The scope of the journal extends to the environmental, management and economic aspects of biomass and bioenergy.
Key areas covered by the journal:
• Biomass: sources, energy crop production processes, genetic improvements, composition. Please note that research on these biomass subjects must be linked directly to bioenergy generation.
• Biological Residues: residues/rests from agricultural production, forestry and plantations (palm, sugar etc), processing industries, and municipal sources (MSW). Papers on the use of biomass residues through innovative processes/technological novelty and/or consideration of feedstock/system sustainability (or unsustainability) are welcomed.

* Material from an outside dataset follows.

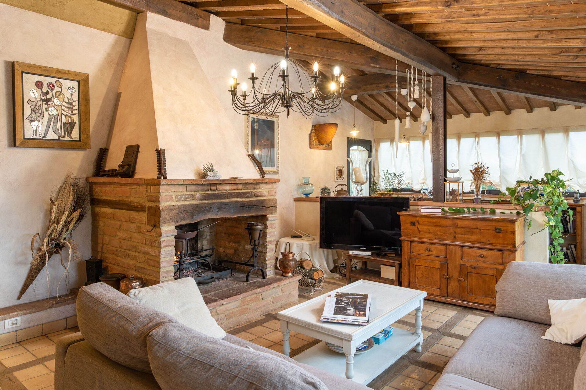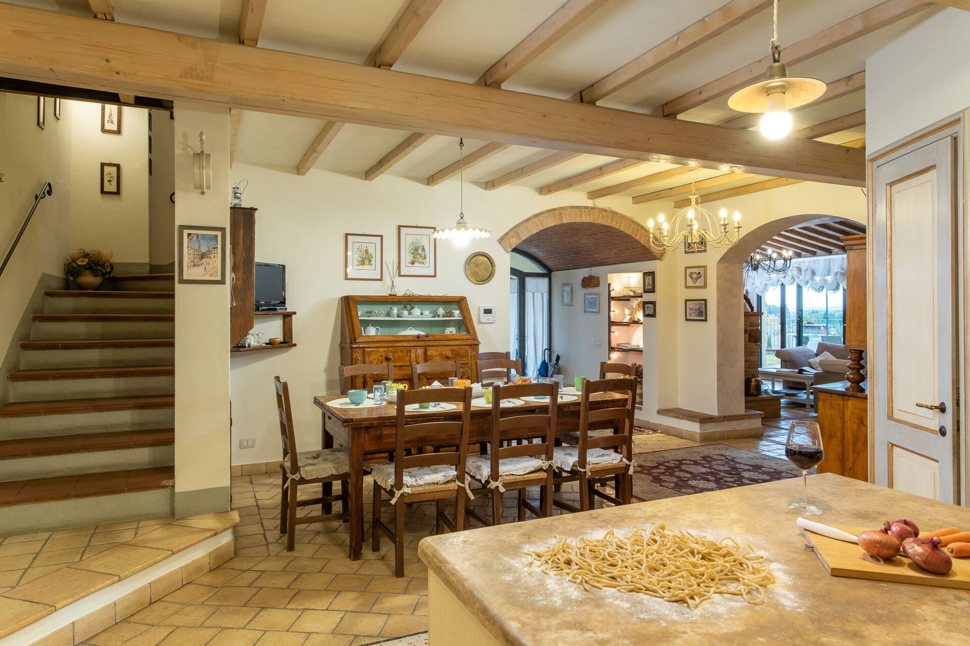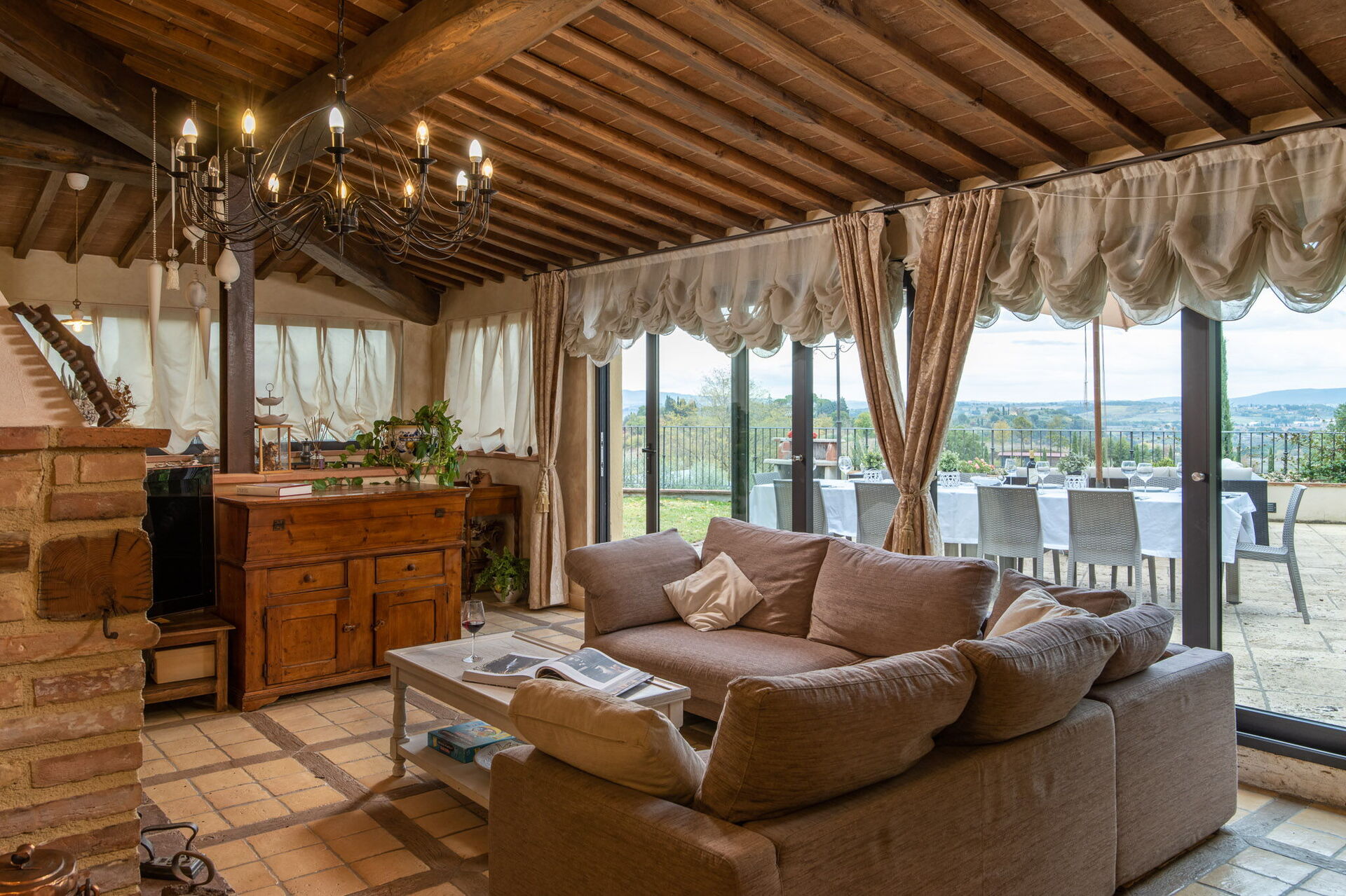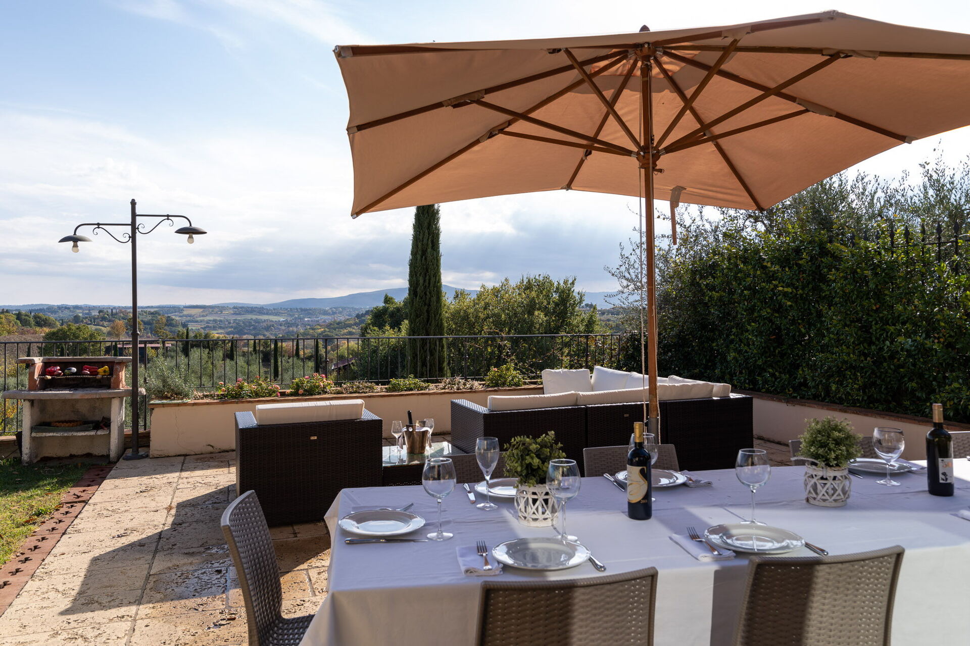 After arriving at Villa L'elsa Beautiful Country Home With View you’ll find a lovely clean well-maintained property with views of the hills perfect for a splendid holiday in Tuscany. After a hectic day of visiting museums, spend some time with friends and family poolside enjoying a glass of wine - a perfect way to relax at the end the day. Outside you will also find a hot tub and barbecue grill. Dining with friends and family is a big part of the Tuscan culture. Take advantage of the well-equipped kitchen to prepare meals using local produce while on your holiday. The kitchen includes coffee machine, microwave, toaster, stove and refrigerator, as well as, plenty of tableware and cutlery for up to 14 people. Dine 'al fresco' like a real Tuscan, the fully furnished veranda is the perfect setting to enjoy food, family and the lovely Tuscan weather.
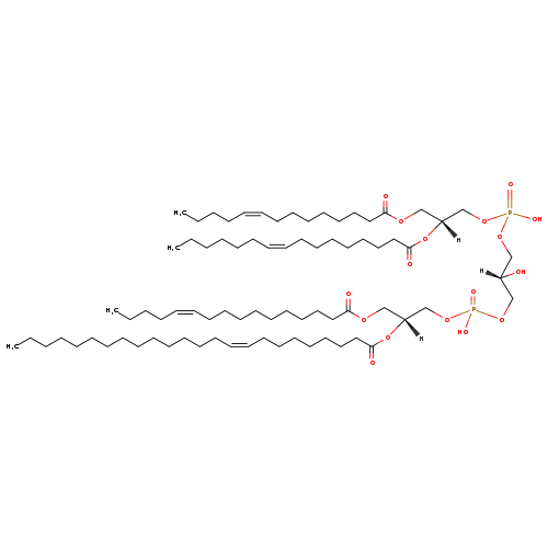 | YMDB10675 | CL(15:1(9Z)/15:1(9Z)/15:1(9Z)/25:1(9Z)) | [(2S)-3-({[(2R)-2,3-bis[(9Z)-pentadec-9-enoyloxy]propoxy](hydroxy)phosphoryl}oxy)-2-hydroxypropoxy][(2R)-2-[(9Z)-pentacos-9-enoyloxy]-3-[(9Z)-pentadec-9-enoyloxy]propoxy]phosphinic acid | C79H146O17P2 1429.968 | |

However waste treatment processes and pollution control or mitigation which are only tangentially related to bioenergy are not in the scope of the journal, as they are more suited to publications in the environmental arena. Papers that describe conventional waste streams (ie well described in existing literature) that do not empirically address ''new'' added value from the process are not suitable for submission to the journal.
• Bioenergy Processes: fermentations, thermochemical conversions, liquid and gaseous fuels, and petrochemical substitutes
• Bioenergy Utilization: direct combustion, gasification, electricity production, chemical processes, and by-product remediation
• Biomass and the Environment: carbon cycle, the net energy efficiency of bioenergy systems, assessment of sustainability, and biodiversity issues.